Менее травматичны для мужского самолюбия трудности физического характера – головные и сердечные боли, одышка, бессонница и прибавка в весе. Обследование, как правило, не выявляет каких-либо заболеваний; особо «продвинутые» врачи направляют пациента к психотерапевту. А.Б. Холмогорова и Н.Г. Гаранян подчеркивают, что пациенты обычно не признают у себя трудностей психологического характера – ведь они люди сильные: их огорчают в жизни только загадочные сердечные боли да вероломство деловых партнеров. Наш современник, пишут авторы, хотя и переполнен зачастую чувствами тревоги, тоски, отчаяния и безнадежности, во многом утратил способность к пониманию своего внутреннего состояния и его регуляции. Традиционные маскулинные установки и стереотипы, в плену которых оказываются все новые и новые мужчины, поддерживаются женщинами – так, специально проводимое в психотерапевтических группах описание женщинами психологического портрета «идеального мужчины» выявляет образ «мужчины-стены» – надежной опоры во всех жизненных трудностях.

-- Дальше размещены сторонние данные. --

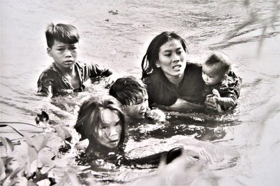ついでにもう少し、と思ってパラパラ捲ったが報道写真だけに、そのどれもが悲惨で紹介するのを躊躇うものばかり。その中で、ずいぶん前に目にしたとき、グッと胸を突かれたもの。皆さんも見覚えあると思う1枚のみ上にアップします(55年も前なので若い人は知らないかも…)。この写真は【安全への逃避】と題されたもので撮影は沢田教一。沢田はこれによって1966年にピュリツァー賞を受賞。写真はベトコンの拠点とみなされ米軍の爆撃を受け続けた村から、川を渡って逃げている母親2人と子供たち。 ・沢田教一は1936年2月22日、青森市生まれ。青森県立青森高等学校卒。1970年10月28日プノンペン郊外にて狙撃されて死去34歳(一部、ウィキペディアより)。
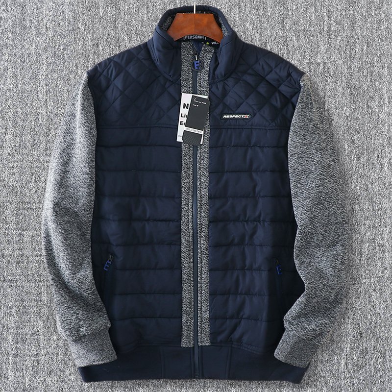 - 新品 EU製 メンズ ジャケット キルティング 中綿 切替デザイン 立ち襟 厚手 秋冬 暖かい 裏ボア ブルゾン アウター 濃紺 T5003-M

Итак, во-первых, «настоящий мужчина», отвергая и не воспринимая адекватно свою эмоциональную жизнь, переживает психологический стресс на телесном уровне (вегетативные сдвиги, мышечные зажимы и сопровождающие их боли, дрожь, аритмия…); во-вторых, чисто эмоциональные причины могут стоять и за таким распространенным среди мужчин недугом, как алкоголизм («симптоматическое пьянство», помгающее снять накопившееся эмоциональное напряжение). В-третьих, в семьях, где не принято выражать свои чувства, где ценятся сдержанность и сила, возникает дефицит любви и понимания, к которому особенно чувствительны дети.
Неумение выражать и осознавать свои чувства приводит к трудностям установления теплых доверительных контактов и получения социальной поддержки. Открытое, безбоязненное выражение чувств служит основой подлинных и искренних отношений и при необходимости – сигналом о помощи для окружающих.

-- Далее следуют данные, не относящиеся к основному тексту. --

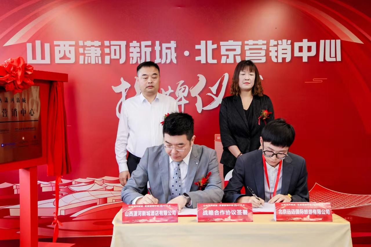 儀式上,與會嘉賓共同為山西·瀟河新城北京營銷中心揭牌,并見證山西瀟河新城酒店有限公司與北京遠邁國際旅游有限公司、中世運通(北京)國際會議展覽有限公司簽署戰略合作協議。

Следует отметить, что репрессивность мужского идеала – отнюдь не только российское явление. Так, в рамках европейской культуры смущение, печаль, страх, депрессия рассматриваются как «немужские», и проявляющие подобные эмоции мужчины оцениваются более негативно в сравнении с женщинами (Siegel, Allow, 1990); мальчики воспринимаются как непопулярные, если они легко начинают плакать, проигрывают, словом, ведут себя как «неженки» (Adler, Kless, Adler, 1992).
Другой важный аспект в концептуализации «идеального человека» связан с понятием ответственности и локуса контроля. Эта проблема в психологии была поставлена Джулианом Роттером (Rotter, 1954), полагавшим, что интернальность и экстернальность локуса контроля являются устойчивыми свойствами личности, формируясь в процессе социализации. В многочисленных исследованиях было продемонстрировано, что интерналам нравятся больше интерналы, для экстерналов же не было обнаружено явных предпочтений (Phares, Wilson, 1971; цит. по: Муздыбаев, 1983, с. 59).

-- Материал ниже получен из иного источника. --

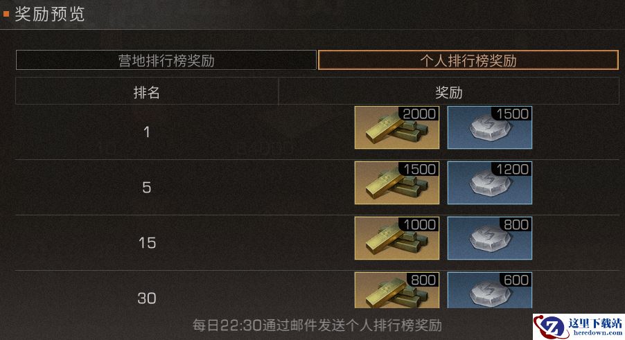 每日22:30将会结算排行榜,个人总积分前50名的玩家将会获得大量金条和技能点奖励,排名越高,奖励越好。

Особый интерес в плане характеристик образа идеального человека представляют исследования Т. Ханна (Hannah, 1973), П. Диксона и С. Элиаса (Dixon, Elias, 1979). В первом 48 студентам, ранее заполнявшим шкалу локуса контроля, предлагалось снова заполнить ее дважды: сначала за идеального, потом за среднего человека. Как интерналы, так и экстерналы описывали идеального человека как очень интернального; обычный же человек, неидеальный, описывался скорее как экстернал. Во втором исследовании Диксон и Элиас просили студентов заполнить шкалу Роттера за себя (1), за среднего человека своего пола (2), за среднего человека противоположного пола (3), за идеального человека своего пола (4) и за идеального человека противоположного пола (5). Тенденция оказалось вполне четкой: идеальный человек и своего, и противоположного пола оказывался более интернальным, чем сами испытуемые. В то же время средний человек представлялся испытуемым более экстернальным, нежели они сами.
Стремление к идеальному Я может осуществляться даже через шоппинг. Все чаще темой исследований становится феномен непреодолимого стремления делать покупки. Хельга Дитмар (Dittmar, 2005) исследовала несколько сотен мужчин и женщин, используя психологические опросники и анализируя дневники покупок, которые составляли участники проекта. Исследовательница обнаружила, что у подверженных этой страсти людей существуют внутренние противоречия, с которыми они пытаются справиться посредством покупок, приближающих их к образу идеального Я. Не каждый человек будет решать свои проблемы с помощью покупок. Те, кто ориентированы на материальные блага, с трудом могут распоряжаться своими деньгами по своему выбору и удержать себя от ненужных покупок.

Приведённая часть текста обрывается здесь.